You must know, that my father never bought anything for his children but the necessary staples. He lived during the depression and fought in World War Two. Those people just don’t toss money around loosely. I and my brothers all worked jobs since we were twelve because it was the only way to know anything other than pork chops and mashed potatoes.
But there it was, a used black three-speed bike and him all uncomfortable in the giving standing beside it. This was huge. He didn’t even spring for class rings or yearbooks, or even class pictures. You want it, you earn it, Buddy!
The trouble is, I didn’t want it.
I had been mentioning to him how my best friend John and I were going to bike all summer long to distant towns and unknown destinations. This I had done just so he wouldn’t be surprised when he would see the new ten-speed bike I planned to buy with the money I had earned.
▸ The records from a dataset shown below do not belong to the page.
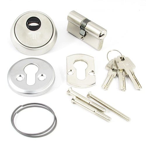 Comes with T60 Europrofile Cylinder with 5 keys and a security escutcheon cylinder protector
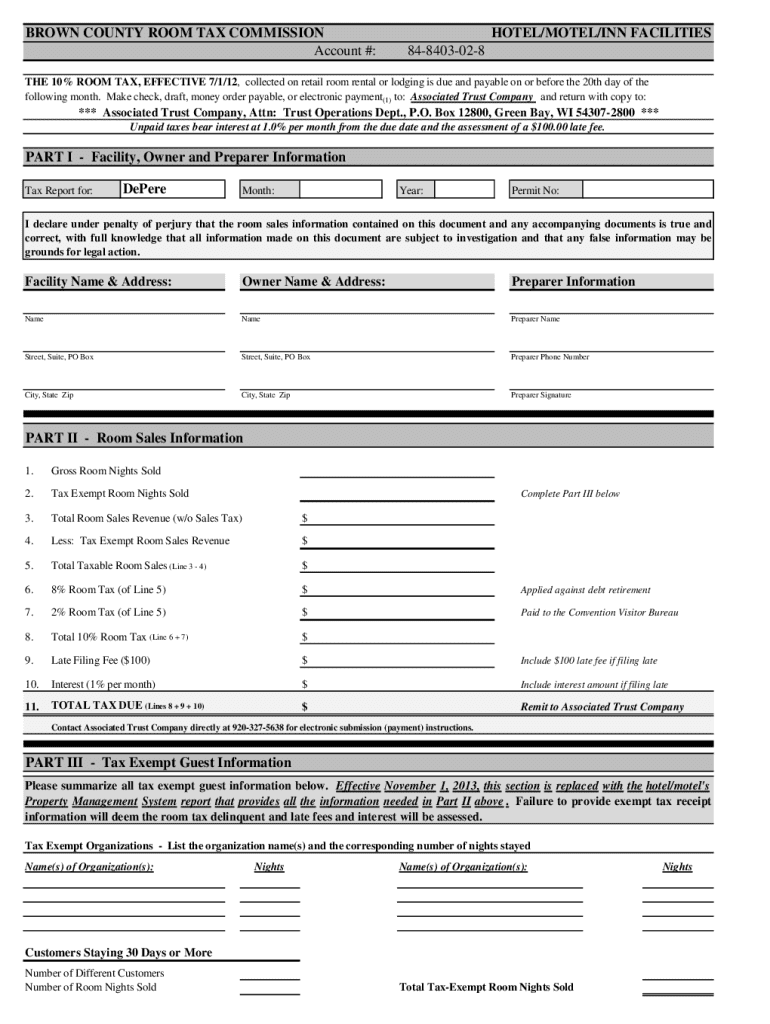 For any questions or assistance relating to the Brown County Room Tax Form, reaching out to local tax offices can provide clarity. The Brown County tax office offers resources including direct contact numbers and in-person assistance for query resolution.
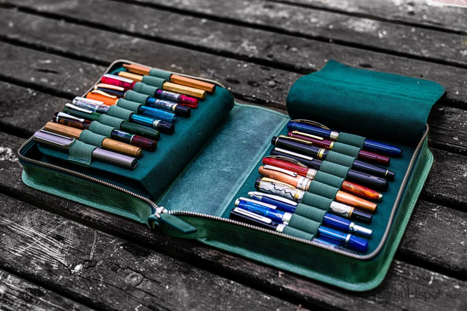 This Leather Zippered 40 Pen Case in crazy horse forest green has a velvet lined interior. When you want to carry your favorite pens, you want them protected in your bag, purse or pocket to avoid ink leaking everywhere or getting them scratched. This leather pen holder is great to protect your fountain pens and keep them safe. Pens are not included
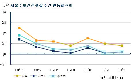 31일 부동산정보업체 부동산114에 따르면 이번 주(10월24~30일) 서울 아파트 전세가는 0.08% 올랐다. 추석연휴 전후보다는 상승폭이 줄었지만 국지적으로 물건이 부족한 곳은 여전히 오름세를 보였다.
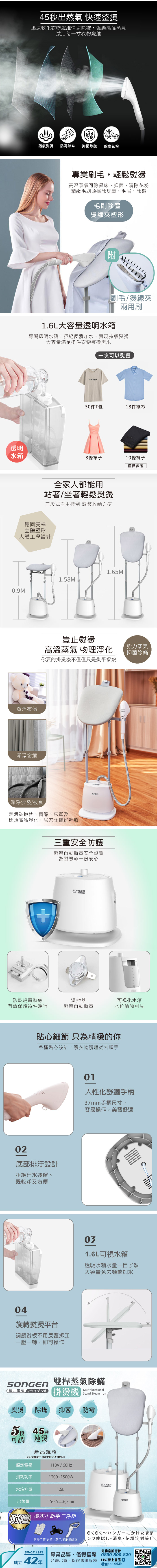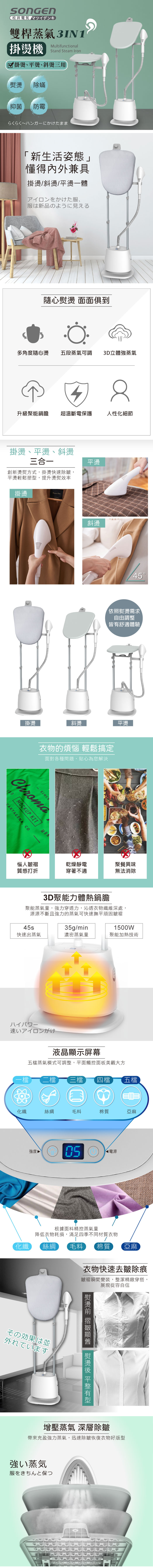 【SONGEN松井】直立式雙桿蒸氣除蟎掛燙機/電熨斗(SG-QY66E)

I tried to appear pleased and surely was surprised but I was thirteen and had made plans that a black three-speed would never be up for. It would never pull the hills or keep up with John. The handlebars were straight-and it wasn’t green.
So I traded it in. Just like that. Without so much as a word to my Father, I took his gift that he so out of character gave and traded it in for a green ten-speed just one day after the Holy offering.
There is no doubt that I hurt him. And perhaps it could have been handled with greater tact, even from a thirteen year-old, but I knew my Father. He never would have agreed to my desire, thinking it frivolous. All,- "It costs how much?!!" and "When I was your age..." But he never was my age, and I would never be his age. We were two different people in two different times and this chasm could not be bridged. He never said a word, only shook his head and sideways sniffed, as if pepper had blown up his nose.
I did what I felt I had to do and it greatly defined who I became. Not saying it's good or bad. Just saying it is.
John and I went everywhere that summer. Even to Minneapolis. We found every road that wove through the great waters of Minnetonka. We met girls. We laughed. I kept up and that green glistened in July’s warm sunshine. We rested on soft hillsides and waded sweet waters. We talked of everything thirteen year-olds talk about on lazy summer afternoons. I remember having an odometer of sorts. We put on over a thousand miles.
I could have been the good son. I could have shrugged and explained to John that great adventures and exploration would have to wait at least one more year. But then, that's who I would have become; the wise pat him on the back son with time-shares in Florida and Wednesday city council meetings and not the me I am.
But I didn’t and I’m not sorry. I am sorry I hurt my Father for a time, but we both moved on and moved closer even though I'm still a head-shake and eye roll to him when anyone asks of me. But that summer. Boy oh boy, that summer. I wouldn't trade it for anything!